Yo folks
Does anyone have a suggestion as to what might be causing this? It's
in 1.2.4 release, if that helps. We are trying to test the cluster, so
it could be hardware problems - we just want to narrow it down if we
can. Any debug suggestions would also be welcome.
Thanks
Ralph
Begin forwarded message:
From: Craig Idler <c...@lanl.gov>
Date: August 28, 2008 9:43:11 AM MDT
To: tlcc-inst...@lanl.gov
Cc: Trent D'Hooge <tdho...@llnl.gov>
Subject: error on QCD run
I've seen the following error a couple of times now during a QCD
multi-node run. Does this indicate a MPI driver issue or maybe a IB
network problem?
--------
Input file generated. Current time is: Thu Aug 28 00:38:47 2008 UTC
Starting executable preplat via "mpirun -np 512 ./preplat"

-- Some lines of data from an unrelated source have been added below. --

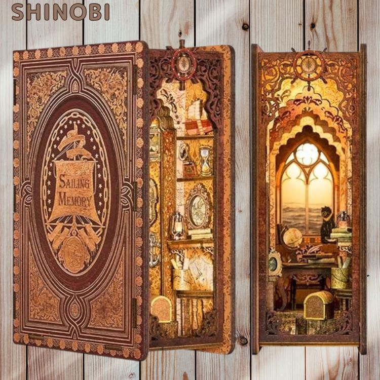 - ブックヌックキット ドールハウスキット ミニチュア ハウスキット テーマ:「航海の記憶」 アートワーク LEDライト付き
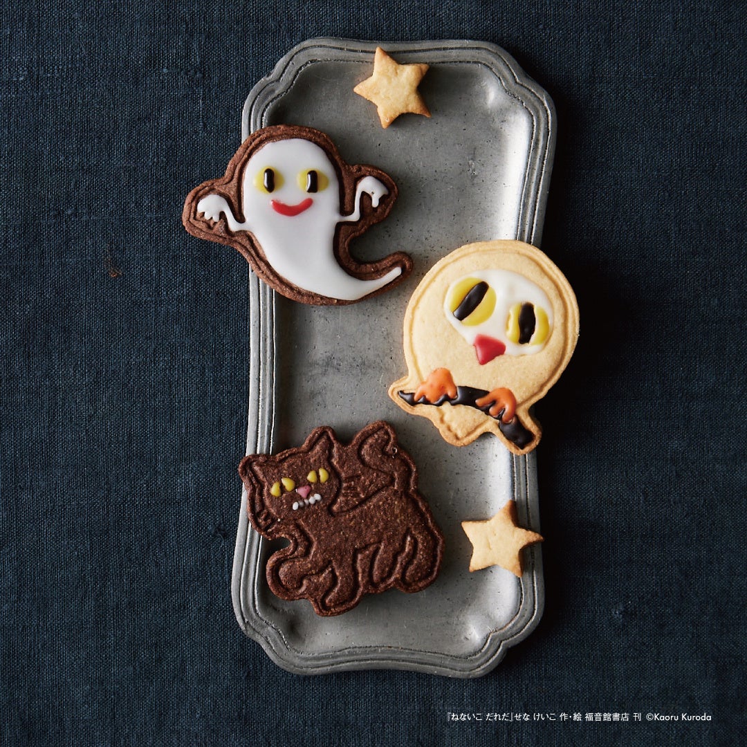 今回のアイテムは、絵本に登場するおばけたちの料理用抜き型とスタンプのセットです。生地に押し当てて型抜きクッキーを作ったり、ごはんを押し詰めておばけ弁当にしたりすれば、お子さまの好奇心をそそるメニューが完成。親子でのクッキングも楽しめます。
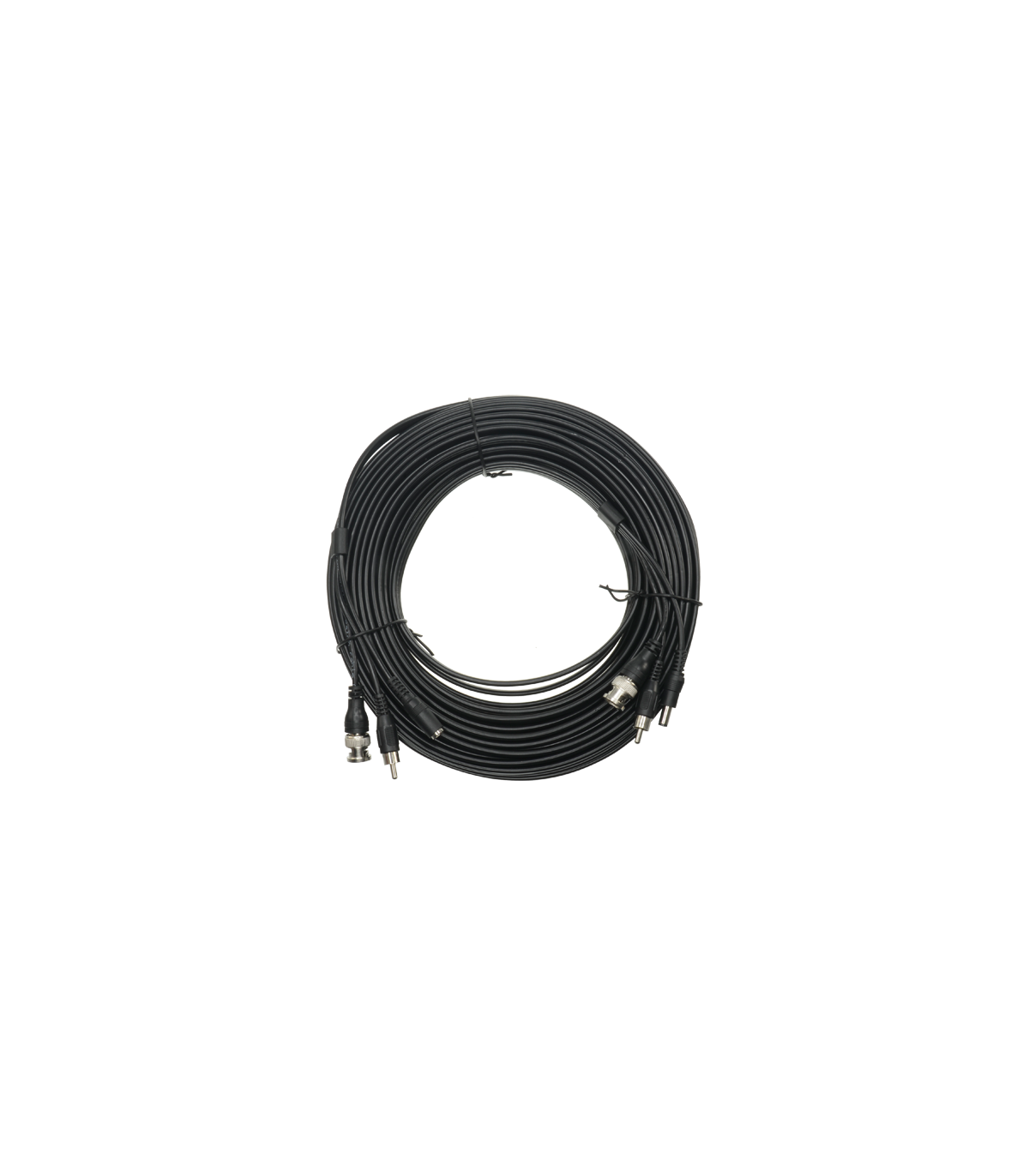 Câble combiné mini RG59, avec un câble d'audio pour ligne, plus un câble pour l'alimentation DC. Format tuyau plat pour réduire l'épaisseur de l'assemblage et de facilité d'installation. Faibles pertes. Longueur fixe de 20 mètres, avec connecteur mâle-mâle BNC (vidéo), mâle-mâle RCA (audio) et femelle-mâle Jack (alimentation) dans les extrémités.
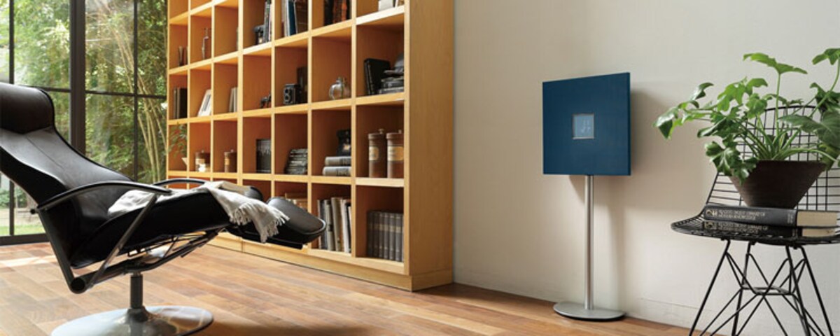 With a sleek stand and minimal proportions, Restio looks like a work of art. It was created by completely re-imagining the concept of a music source as part of the interior. The independent body style makes music an interior design element, and because the sides are slanted, it appears to be a thin panel. The front grille uses expanded metal, providing an attractive texture.
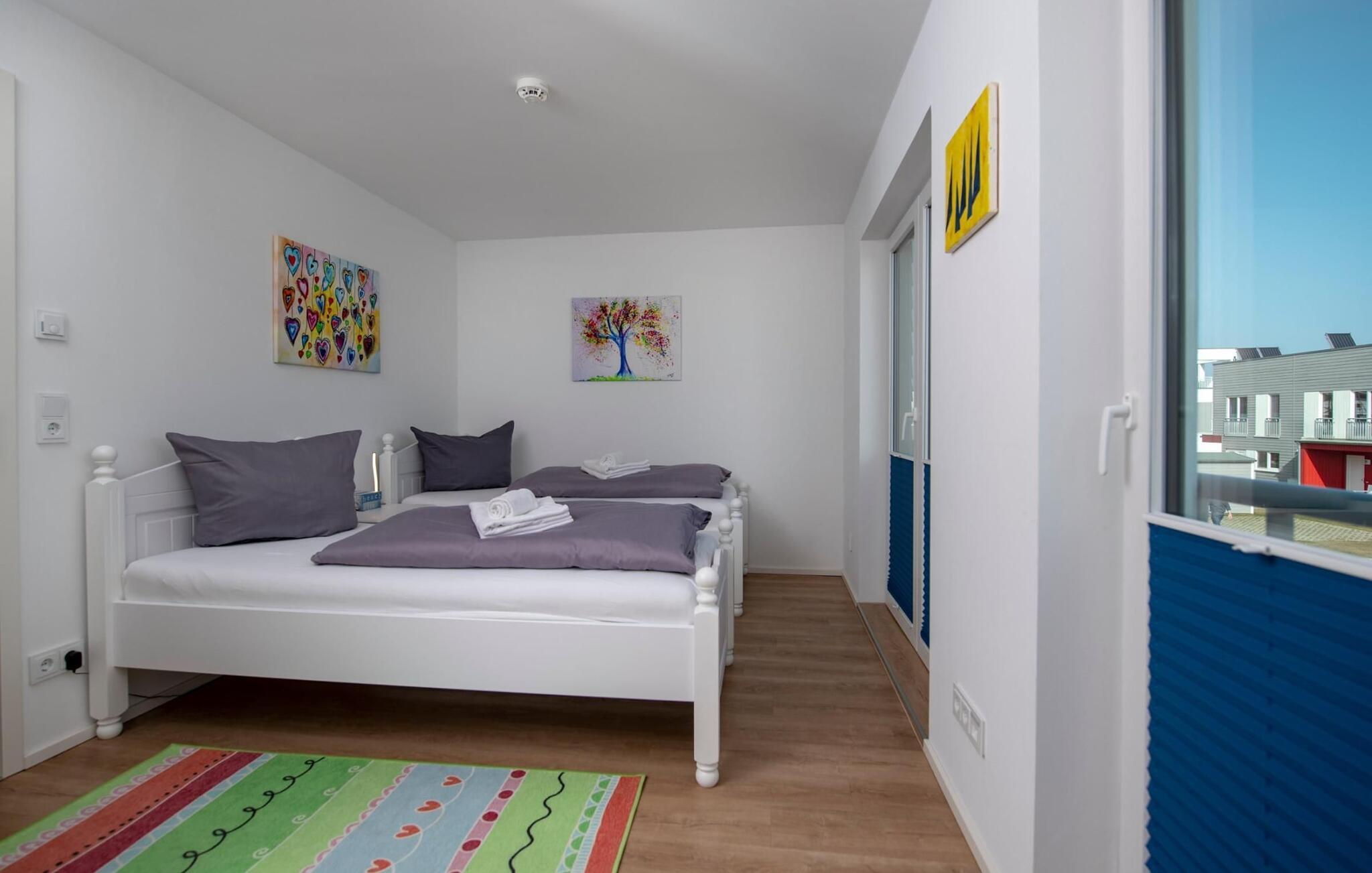 Zwei Schlafzimmer im ersten Obergeschoss bieten Platz für vier Erwachsene. Das Hauptschlafzimmer verfügt hierbei neben einem traumhaften Wasserblick auch über eine Terrasse zur Schleiseite, von der eine Außentreppe auf die große Dachterrasse führt. Das zweite Schlafzimmer ist nach Osten hin ausgerichtet erlaubt einen Blick über den Segel- und Sportboothafen des Ostseeresorts. Zwei weitere Schlafplätze stehen im Wohnzimmer auf einem komfortablen Schlafsofa zur Verfügung.

[0,1,452][btl_openib_component.c:1338:btl_openib_component_progress]
from loa126 to: loa119 error polling HP CQ with status LOCAL QP
OPERATION ERROR s
tatus number 2 for wr_id 141710328 opcode -1
mlx4: local QP operation err (QPN 8800ae, WQE index bfab0000, vendor
syndrome 6f, opcode = 5e)
mpirun noticed that job rank 0 with PID 10676 on node loa031 exited
on signal 15 (Terminated).
510 additional processes aborted (not shown)
mpirun finished with code 36608
--------
Thanks for any insight.
Craig